# Sugar alcohols



## kvyd (Mar 24, 2004)

Can anyone tell me how they are broken down and how they effect the body.

Ive heard they are over all bad for you.  can someone give reasons and such.

thanx


----------



## atherjen (Mar 24, 2004)

go to www.mercola.com and search artificial sweetners, aspartame, sucralose, etc. 
scary.


----------



## OmarJackson (Mar 25, 2004)

> _*Originally posted by atherjen *_
> go to www.mercola.com and search artificial sweetners, aspartame, sucralose, etc.
> scary.



no offense to mercola or nothing, but the testimonials on his site are hilarious. one lady was like "i started using splend and the next day i was sluggish and depressed." hmmm.... maybe thats because your a fat sack of shit. anyway i've been using splenda every day for more than a year and i haven't noticed anything, except that i am enjoying my oatmeal again. 
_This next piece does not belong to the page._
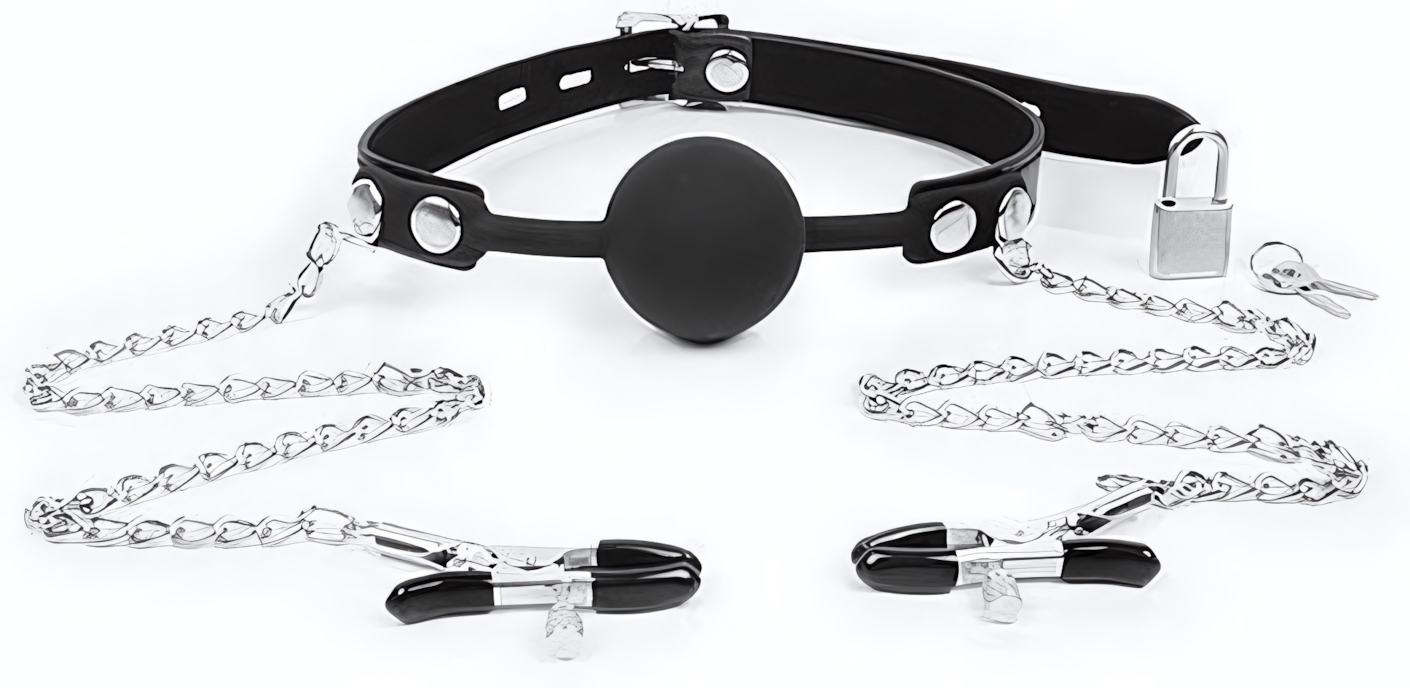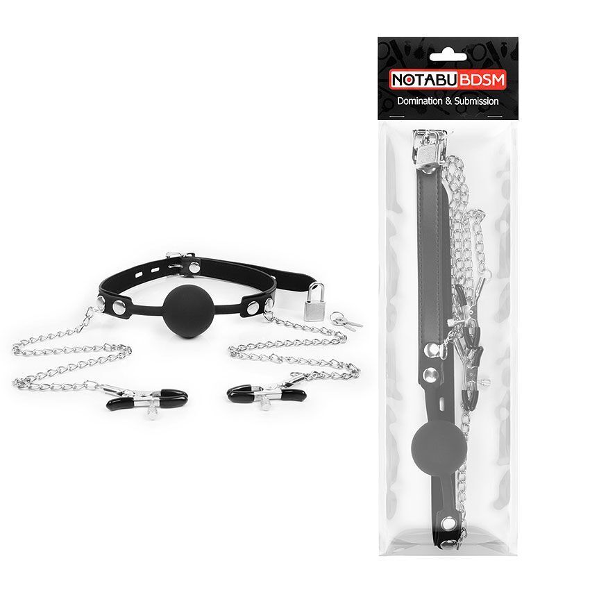 Кляп-шарик выполнен из качественного силикона, который приятно ощущается на коже. Зажимы для сосков имеют специальные эластичные накладки, предотвращающие сильное сдавливание и травмирование. Каждый зажим оснащен регулировочным винтом, позволяющим контролировать силу сжатия, что делает использование аксессуара безопасным и комфортным. Этот товар идеально подходит как для новичков, так и для опытных любителей БДСМ.

regardless, sugar alcohols are not the same as artificial sweetners, some sugar alcohols do have calories in them.


----------



## Jodi (Mar 25, 2004)

I don't care for Mercola myself.


----------



## Akateros (Mar 25, 2004)

Here's the Low-Carb Forum info page on artificial sweeteners, including sugar alcohols:
http://www.lowcarb.ca/tips/tips006.html

Bottom line _appears_ to be "technically, they're not supposed to count". However, in practice, I know they are anathema to _me;_ not only do they wreak evil in my bowels even in tiny doses, but they will completely stall an otherwise swimming diet for days.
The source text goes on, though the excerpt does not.